Introduction
A distributed system is one in which the failure of a computer you didn’t even know existed can render your own computer unusable
Why bother building a distributed system?
- Some applications are inherently distributed like the web
- Some applications require high availability and need to be resilient to single node failures like dropbox
- Some application need to tackle workloads that are just too big to fit on a single node
- Some applications have performance requirements that would be physically impossible to achieve with a single node
1.1 Communication
- Nodes must communicate over networks (e.g., browser-server interactions)
- Main challenges include:
- Message representation on the network
- Handling network outages
- Managing data integrity (bit flips)
- Ensuring communication security
1.2 Coordination
- Core Challenge: Coordinating nodes into a coherent system despite failures
- Fault = non-working component
- Fault-tolerance = system continues despite failures
- “Two Generals” Problem:
- Scenario: Two armies must coordinate attack time
- Communication: Via messengers who may be captured
- Challenge: Cannot achieve absolute certainty of coordination
- Even with multiple messages, 100% certainty impossible
- More messages increase confidence but never guarantee certainty
1.3 Scalability
- Key Performance Metrics:
- Throughput = Operations/second
- Response time = Client request to response duration
- Load = System-specific measurements like concurrent users, communication links, write/read ratio
- System Capacity:
- Maximum sustainable load before performance degradation
- The above graph shows the capacity marked by dotted line where performance peaks/plateaus
- Goodput = Successfully handled requests with acceptable response times
- Scaling Strategies:
- Scaling Up (Vertical)
- Buy better hardware
- Has physical limitations
- Scaling Out (Horizontal)
- Add more machines
- Main patterns:
- Functional decomposition
- Breaking down a system into smaller services based on their business functionality (e.g., splitting a monolith into auth service, payment service, etc.)
- Duplication
- Creating multiple identical copies of the same component to handle more load in parallel (also known as replication)
- Partitioning
- Dividing data or workload into smaller chunks and distributing them across multiple nodes (e.g., splitting users A-M on one server, N-Z on another)

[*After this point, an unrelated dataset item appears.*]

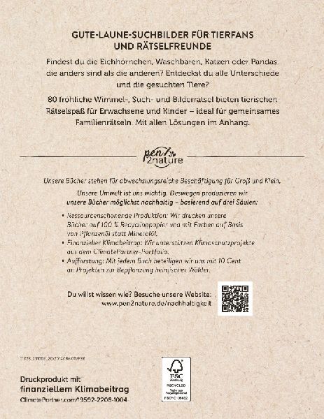 Witzige Suchrätsel für Tierfans . 80 Wimmel-, Such- und Bilderrätsel, die garantiert für gute Laune sorgen . Für große und kleine Tierfreunde, die Spaß an witzigen und kniffligen Suchrätseln haben . Mit allen Lösungen im Anhang . Vermeidung von Emissionen: Gedruckt wird mit Farben ohne Mineralöl und auf 100 % Recyclingpapier . Klimaneutrale Produkte durch Ausgleich der Rest-Emissionen per Unterstützung von Umweltprojekten . Aufforstung: Mit jedem Buch beteiligt sich der Verlag mit 10 Cent an Projekten zur Bepflanzung heimischer Wälder Findest du die Eichhörnchen, Waschbären, Katzen oder Pandas, die anders sind als die anderen? Oder die beiden Eulen, Schmetterlinge, Hasen, die genau gleich sind? Erkennst du die Unterschiede zwischen den beiden auf den ersten Blick identisch scheinenden Bildern? Entdeckst du das einmalige Zebra? Siehst du das verliebte Bärchen auf den ersten Blick? 80 tierisch-fröhliche Such- und Wimmelbilder bieten großen Rätselspaß und witziges Gehirnjogging der ganz anderen Art. Für Erwachsene und Kinder, auch bestens geeignet für gemeinsames Familienrätseln. Ob Zeitvertreib zwischendurch oder im Urlaub, Gedächtnistraining oder unterhaltsame Beschäftigung, diese tierischen Suchrätsel machen einfach Spaß. Hier werden Tierfreunde zu Rätselfans - und umgekehrt. Ein perfektes Geschenk für alle Katzenliebhaber und Hundeeltern, für Zoofreunde und Insektenforscher und einfach alle, die Spaß an witzigen Rätseln haben. Für mehr Nachhaltigkeit im Alltag: Dieses Buch wurde mit Farben ohne Mineralöl und auf 100 % Recyclingpapier gedruckt. Rest-Emissionen werden durch die Unterstützung von Umweltprojekten ausgeglichen. Zusätzlich beteiligt sich der Verlag pen2nature mit jedem Buch mit 10 Cent an Projekten zur Bepflanzung heimischer Wälder. Wie genau das alles funktioniert? Auf seiner Website informiert der Verlag ausführlich und transparent darüber. (lib)

- Functional decomposition
- Scaling Up (Vertical)
1.4 Resiliency
- Resiliency: System’s ability to function despite failures
- Availability: (Uptime / Total Time) x 100%
- Measured in “nines” (e.g. three nines = 99.9%)
- Four+ nines = highly available
- Failure Characteristics:
- Inevitable at scale
- Every component has failure probability
- Failures can be interdependent
- More components = Higher absolute failures
- Some more insights
- Scale amplifies failure probability
- More components = More potential failures
- Failures can cascade
- Engineering Approach
- Must embrace failure as inevitable
- Need paranoid mindset
- Always assume things will fail and proactively plan for every possible failure scenario, no matter how unlikely it may seem
- Similar to Murphy’s Law in engineering - “anything that can go wrong, will go wrong”
- Assess risks by:
- Failure likelihood
- Potential impact
- Mitigation strategies
- Redundancy
- Self-healing mechanisms
- Scale amplifies failure probability
1.5 Operations
- Evolution of Operations:
- Old: Separate dev and ops teams
- New: DevOps model (same team develops and operates)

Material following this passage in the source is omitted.